Is that supposed to be shared fairly? No one here can tell me that.
Of course it is fair. If you have a fully paid-off house, it belongs to you and you bring it as property into the marriage. It then remains yours, you would have to pay out 50% of the increase in value as accrued gains, but this usually doesn’t make much of a difference with most real estate. It’s different if you bring a house worth €500k into the marriage, but there’s still a loan of €400k on it. Then you don’t really have a house, but only 1/5 of the house. From then on, you repay together, because, as you yourself have noticed, there is no longer “mine” and “yours.” What’s unfair about that? You both pay the repayments! Marriage simply means: both equal, no matter who earns how much.
On the subject of fairness:
- Do you both then also have tax class 4 afterwards?
- Do you make sure that household expenses are also exactly split 50/50?
- Do you pay her lost wages into her account if you have children and she temporarily stays at home?
- During the non-working time she also has pension entitlements towards you.
Many roads lead to Rome or marital happiness. Everyone should shape their partnership as they see fit. When you get married, there are certain legal claims and they simply look like this:
From the day of marriage, there is only one joint pool of assets. Whatever is paid from that during the marriage belongs to both equally, no matter who is on the land register, who paid the bill from which account, and who used the paid service more often. That is quite fair and good, and our whole state is based on a similar solidarity principle (health insurance, unemployment insurance, etc.). The (higher-earning) person does not have to like that, but they are free to emigrate to another country or not get married. A marriage contract allows deviation within certain limits, but you can never fully get out of the community of accrued gains. How else should you calculate it afterwards.
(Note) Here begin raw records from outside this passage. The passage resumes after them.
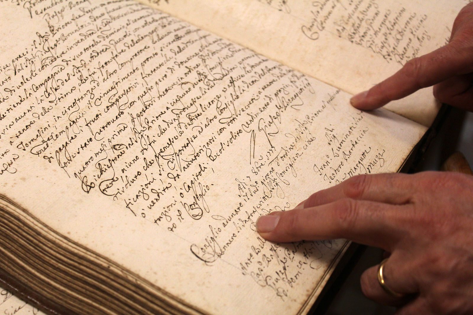 In the humble adjoining office, Giuseppe Cucco, the head, or prior, of the confraternity, sits and sifts through the church archives. The shelves behind him hold boxes upon boxes of scrolls, parchments, and old leather-bound tomes, some of which date back to the 1200s. He flips through them slowly, carefully, running fingers over the looping script and ink blotches, digesting everything, however trivial. Sometimes, he stops and crinkles his salt-and-pepper eyebrows. It can take Cucco up to thirty minutes to decipher a single word, but he always forges on.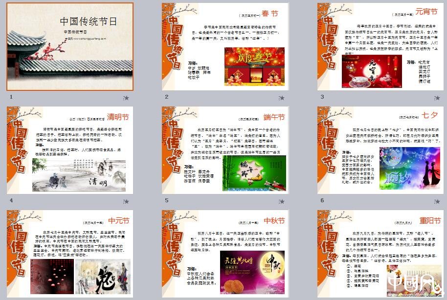 中國(guó)的傳統(tǒng)節(jié)日形式多樣,內(nèi)容豐富多樣,是我們中華民族悠久的歷史文化的一個(gè)組成部分。傳統(tǒng)節(jié)日的形成過(guò)程,是一個(gè)民族或國(guó)家的歷史文化長(zhǎng)期積淀凝聚的過(guò)程,我國(guó)的傳統(tǒng)節(jié)日,無(wú)一不是從遠(yuǎn)古發(fā)展過(guò)來(lái)的。福連文苑小編為您推薦福連文苑中國(guó)傳統(tǒng)節(jié)日PPT模板,適用于商務(wù)演講、會(huì)議報(bào)告、論文答辯等。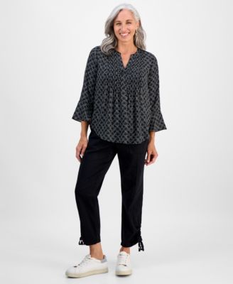 Women's Cotton Ruched 3/4-Sleeve Eyelet Top, Macy's Exclusive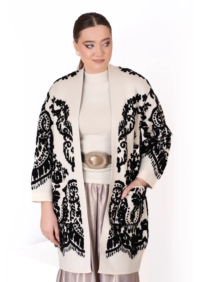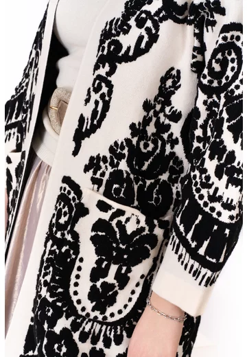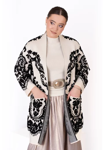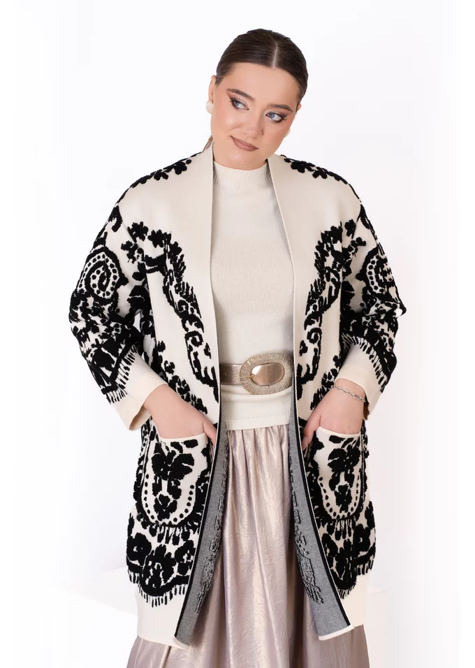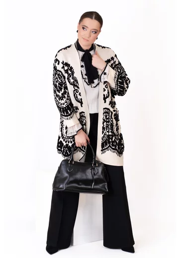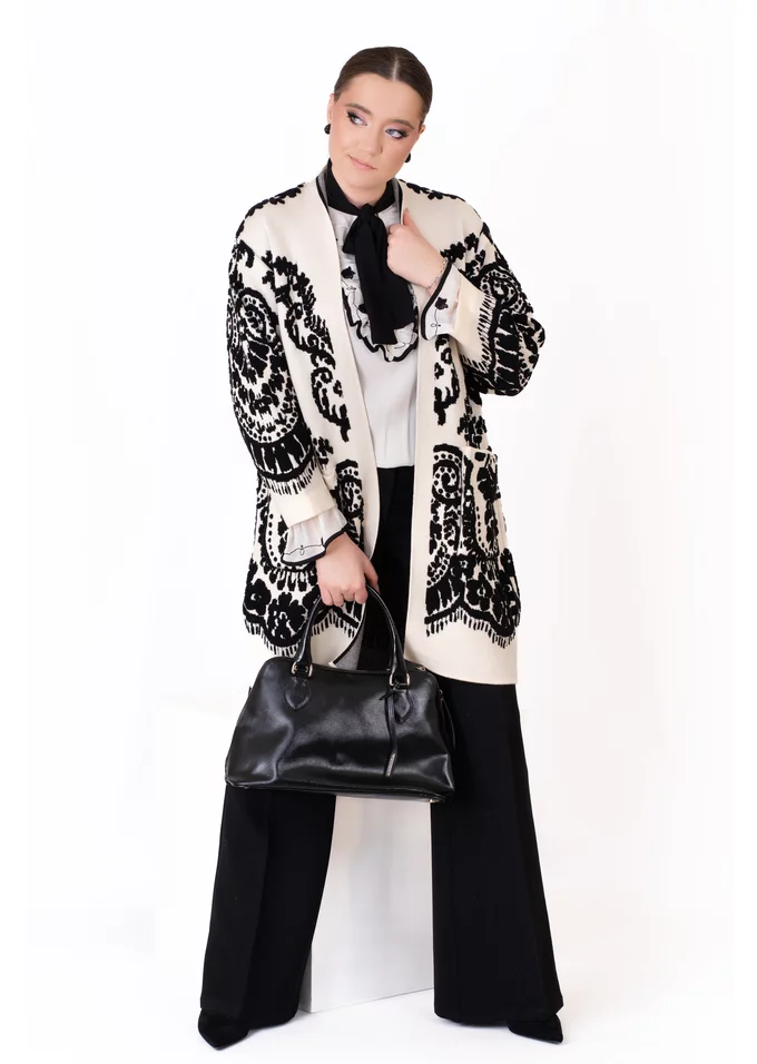 Cardiganul cu model tradițional se remarcă prin textura și detaliile tricotate atent, care îi conferă un aer clasic și elegant. Este perfect pentru ținute casual sau layering peste bluze și cămăși, oferind căldură și stil.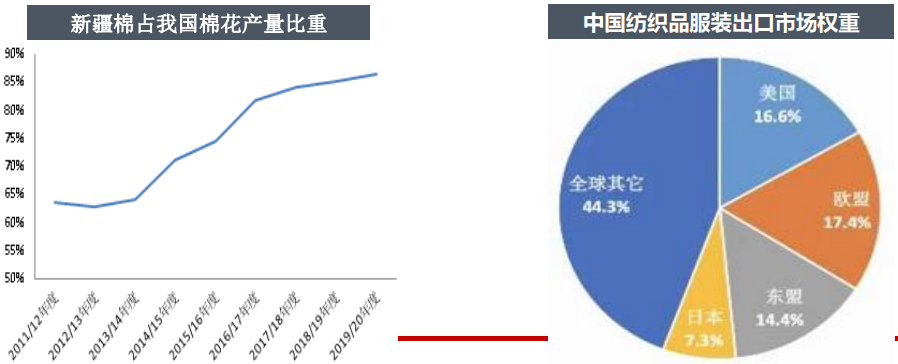 從終端消費結(jié)構(gòu)看,我國紡織品服裝內(nèi)銷外銷比例差不多一半一半,中國出口美國市場占中國紡織品服裝總的出口市場比例在17%左右。按照終端消費總量在1000萬噸計算(其中新疆棉占到50%左右,地產(chǎn)棉占到10%左右,進(jìn)口棉占比小于20%,進(jìn)口棉紗量占到20%左右),折算下來美國限制新疆棉將直接影響新疆棉量在50萬噸左右。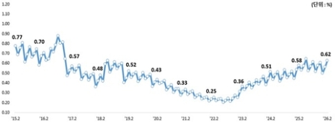 2¿ù ¸» ½Å±Ô¿¬Ã¼À²(Á÷Àü 1¿ù ¸» ´ëÃâÀÜ¾× ´ëºñ 2¿ù Áß ½Å±Ô¿¬Ã¼ ¹ß»ý¾× ºñÀ²)Àº 0.12%·Î Àü¿ù(0.11%)º¸´Ù 0.01%p »ó½ÂÇß´Ù.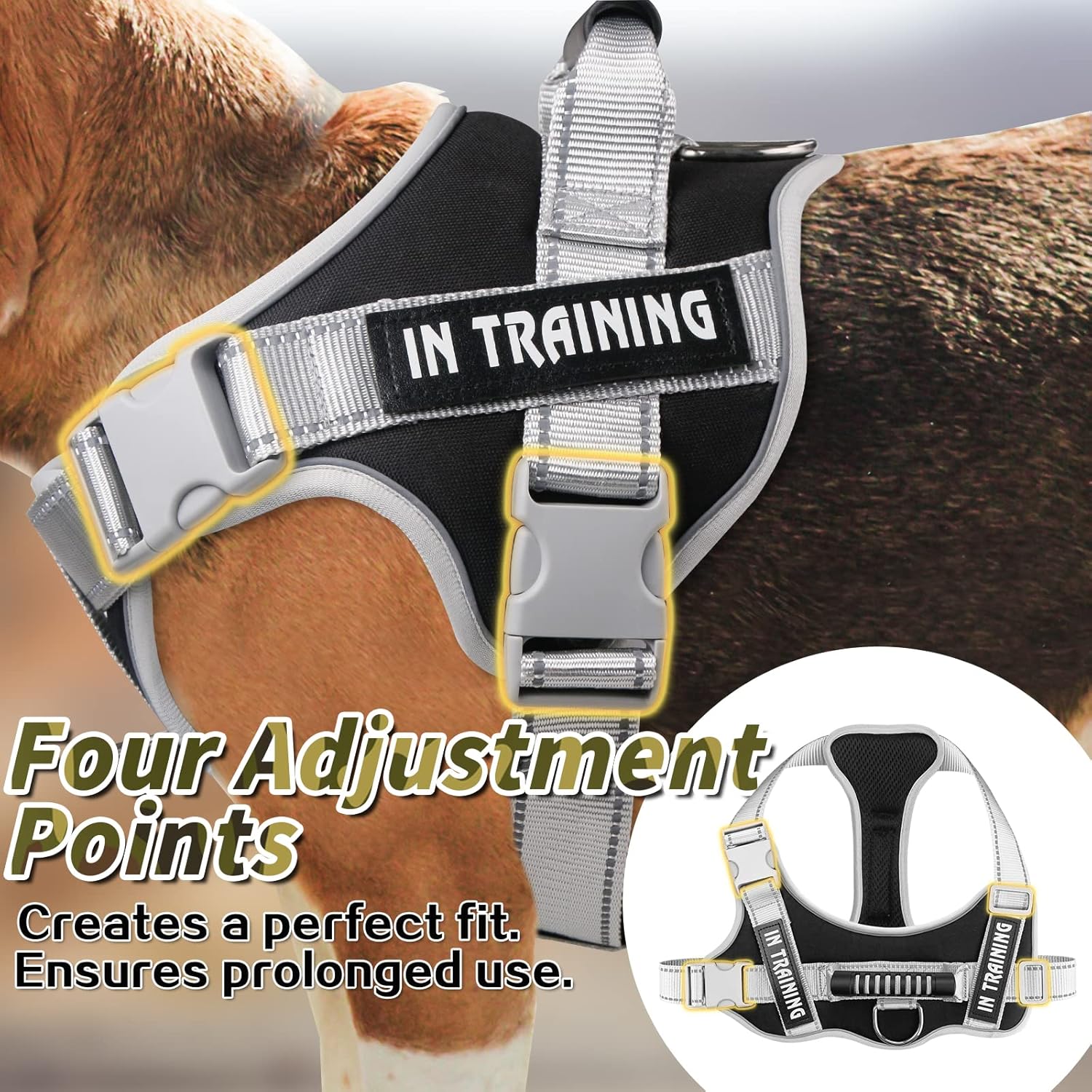EASY ADJUSTABLE:4 ways adjustable straps, gets a customized fit with room for growth. Lightweight and durable, designed with minimum bulk for maximum dexterity.2 quick release buckles for easy on and off while providing extra security,Dog Harness with a Top handle for traffic control.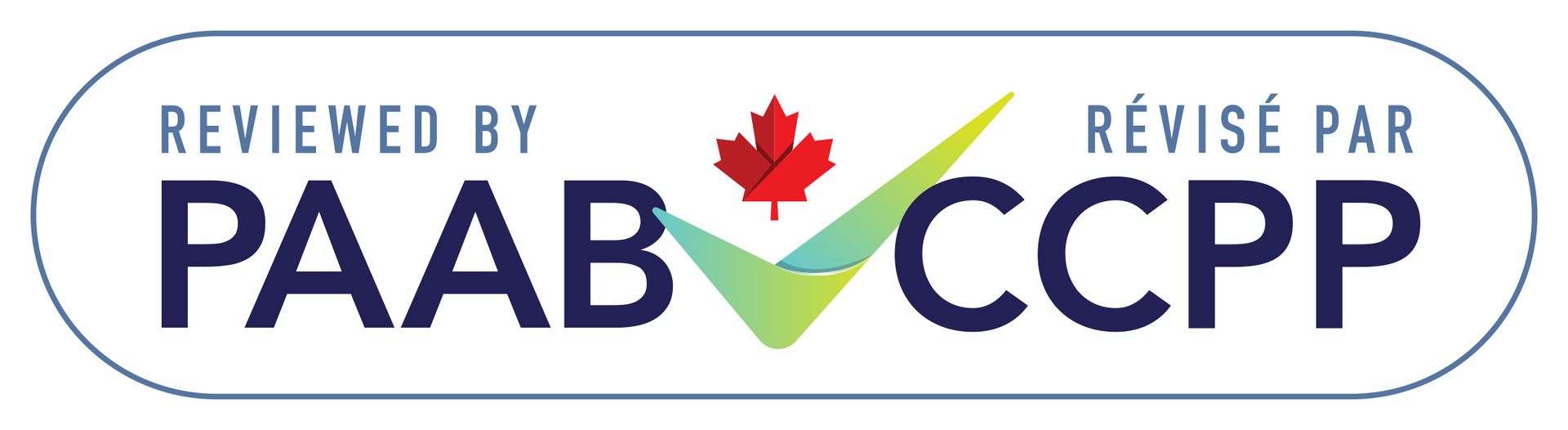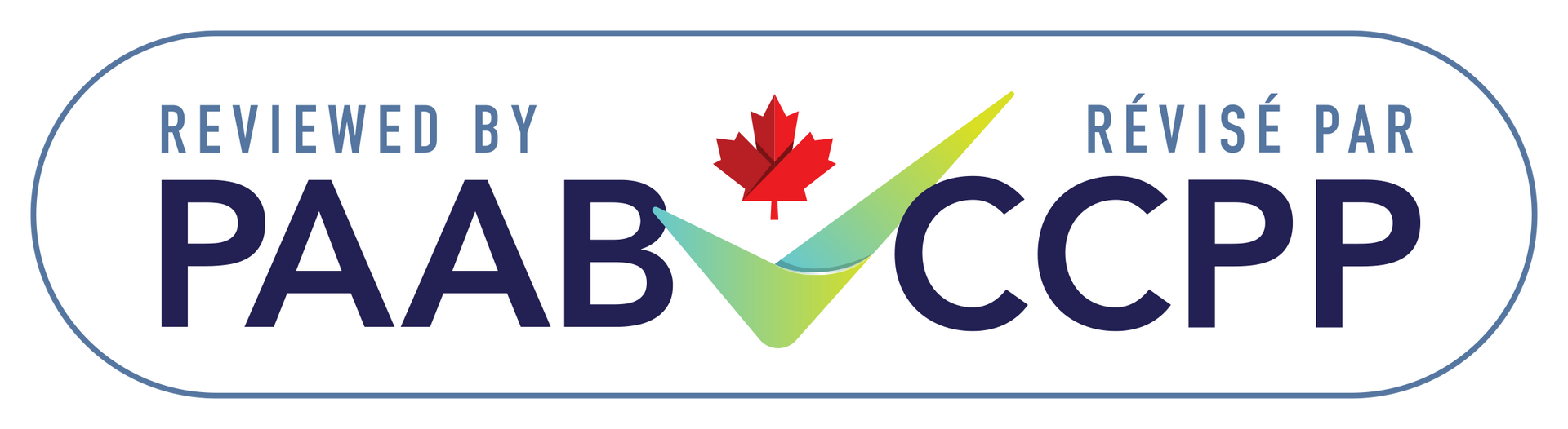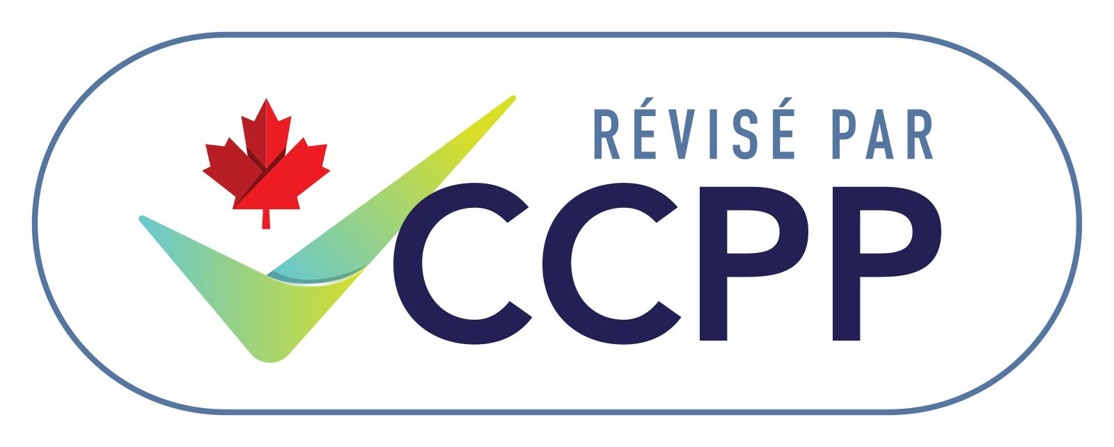 Logo with a red maple leaf, green checkmark, and the text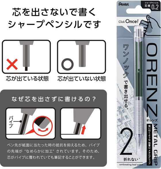 ぺんてる オレンズメタルグリップ 0.2 ダークグリーン XPP1002G2-RD 1本(ご注文単位1本)【直送品】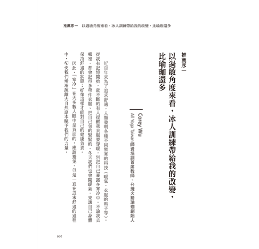 希望各位讀者能享受閱讀這本書的過程,也祝你洗冷水澡順利。
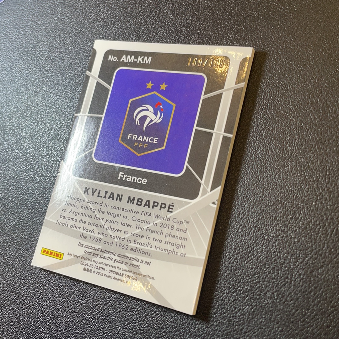 2024-25 Panini Obsidian Kylian Mbappe 法国 基利安 姆巴佩 黑曜石 球衣 物料 169/199编 亲穿 折射 皇马 大巴黎 轻印-SY0610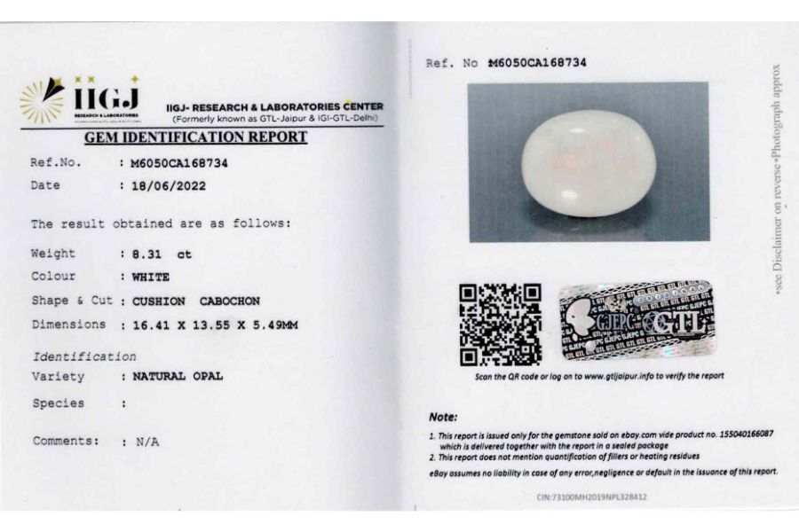 Buy this Original Natural and Certified Australian Opal 11.49ct(Rashi ratan).Its having very flashy fire(play of colors) on both side. This Opal comes with IGI-GTL certificate and its photos, videos are available online (Original pictures no photoshopped). This Australian opal is Ideally best for astrological purposes. Best play of color phenomena is observed and it belongs to cooper Pedy, Cooper Pedy is a town in northern South Australia, 846 km (526 mi) north of Adelaide on the Stuart Highway ,this place is often famous for opal mining’s .This opal? Can be used for rings and pendants. Opal uses in astrology as a diamond substitute is a milky opal it is white in color. Opal Stone has many benefits like Business, Finance, Career, Marriage, child conceive. corresponds to Venus, the planet of love according to Vedic Astrology. It signifies creativity, Precious arts, beauty, gemstones, jewelry, luxury, romance, marriage, the reproductive system, opulence, and refinement of the senses. The value of this opal is good considering its properties and effects. See the video or you may ask for a video before you make a purchase. We guarantee that our gemstone is better than you see in person. Price guaranteed according to worth Buy with confidence.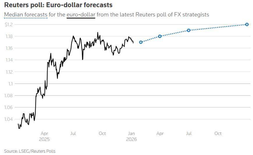 来源:金十数据 根据路透社调查,2026年初外汇策略师对美元的展望依然看跌。基于对美联储独立性的持续担忧以及利率可能下调的预 期,预计美元到年底将小幅贬值。 去年,美元兑一篮子主要货币下跌近10%,创下2017年以来最弱表现。投资者权衡了自大萧条以来最高水平的美国关税、劳 动力市场疲软以及未来几年计划中的数万亿美元额外借款所带来的风险。 市场也聚焦于围绕央行自主权的问题以及谁将接替任期于5月结束的美联储主席鲍威尔,预计相关声明将很快公布。 在1月5日至7日进行的路透社调查中,外汇预测机构的主流观点几乎未变,均认为美元的下跌趋势将持续。调查中值显示, 欧元预计将每季度上涨约1%,在年中兑美元达到1.19,年底达到1.20。在71位参与者中,仅有17%(12位)预测欧元到2026 年底会从当前水平走弱。 尽管如此,政策制定者已示意将暂停降息以评估后续数据,这突显了官员之间的分歧:一些官员担心刺激仍高于2%目标的 通胀,而另一些则担心在不进一步降息的情况下就业岗位会继续流失。 汇丰银行全球外汇研究主管保罗·麦克尔(Paul Mackel)表示,特朗普政府财政扩张的影响"已经开始显现",而去年关税政 策的影响——给从 ...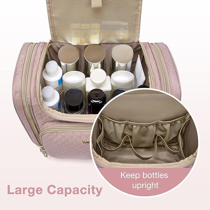 BAGSMART Travel Toiletry Bag for Women, Hanging Toiletry Bag Large Capacity Cosmetic Makeup Bag, Essentials Travel Organizer for Full Sized Toiletries and Cosmetics, Pink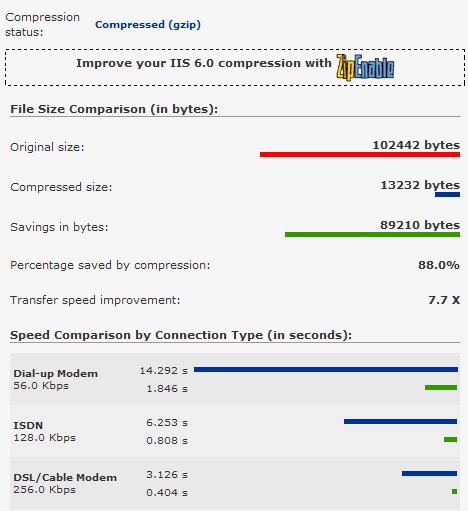 在部署的IIS 6.0上配置了GZIP壓縮,詳細的測試結果如下。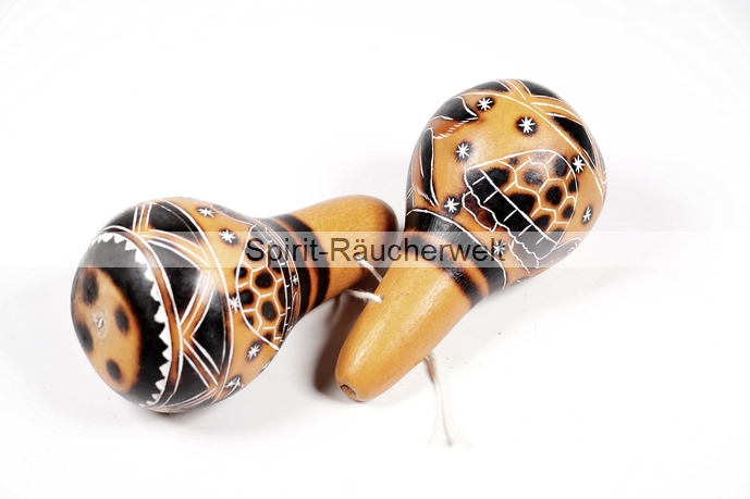 Jede Rassel ist somit ein Unikat. Sie sind in reiner Handarbeit mit figürlichen (indianischen Motiven) Schnitzerein liebevoll verziert.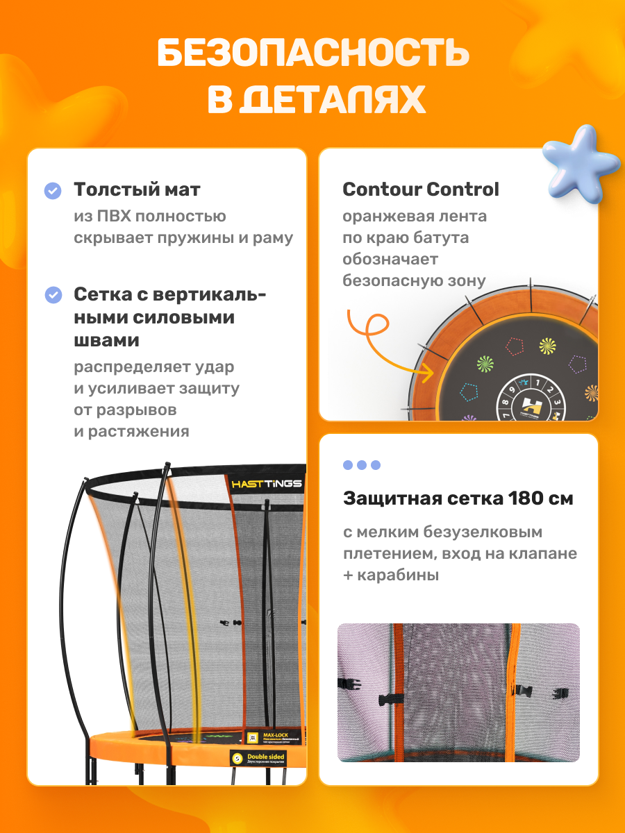 Обеспечивает безопасность и комфорт при прыжках, поддерживая форму сетки и предотвращая ее провисание. Он создает надежную структуру и добавляет эстетическую привлекательность, способствуя безопасному и приятному времяпрепровождению.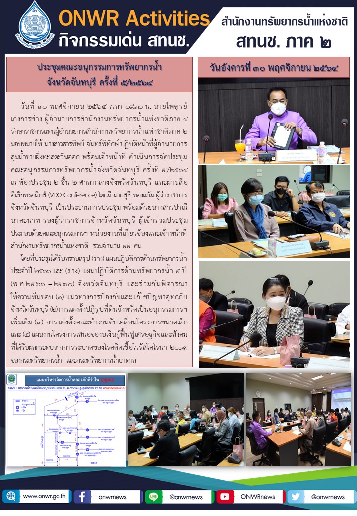 การประชุมคณะอนุกรรมการทรัพยากรน้ำจังหวัดจันทบุรี ครั้งที่ 5/2564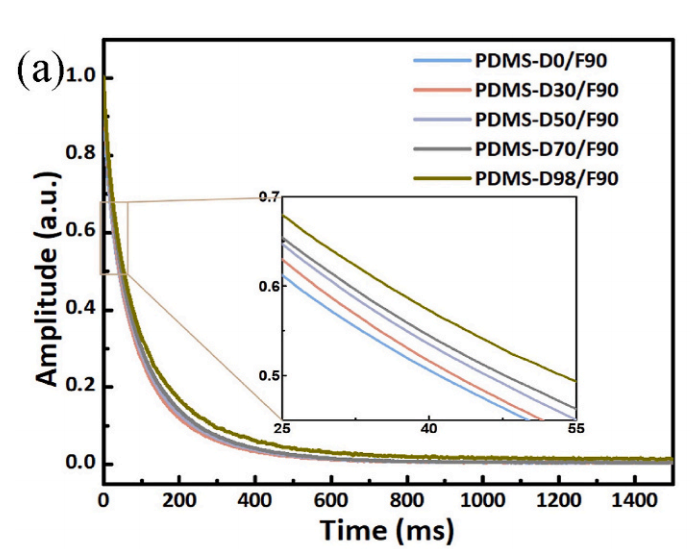 該課題組提出了一種通過在聚合物網(wǎng)絡(luò)中引入懸掛鏈的解決策略,制備了具有高熱導(dǎo)率(4.50 W/m?k)和優(yōu)異柔韌性的TIMs(伸長(zhǎng)率104%,楊氏模量0.24 MPa)。低場(chǎng)核磁測(cè)試在該應(yīng)用中發(fā)揮了重要作用。

My wife and I are both employed. I earn a bit more than she does, so I have tax class 3. We both have our own accounts and a small emergency savings account. I pay interest, repayments, most ancillary costs such as building insurance, water, electricity, property tax, etc. She takes care of all household costs instead. When we go out to eat, she usually pays. At the end of the month, we put the money that we didn’t use over the month into the savings account. If something bigger needs to be bought, it gets paid from there or there is an extra repayment, vacation, etc. If one of us is short on money, the other pays or we take something from the savings account.
That has been working great for us for almost 8 years. Everyone has their own account, but there is no real mine/yours. For bigger expenses you should talk things over anyway, no matter how the funds/accounts are split.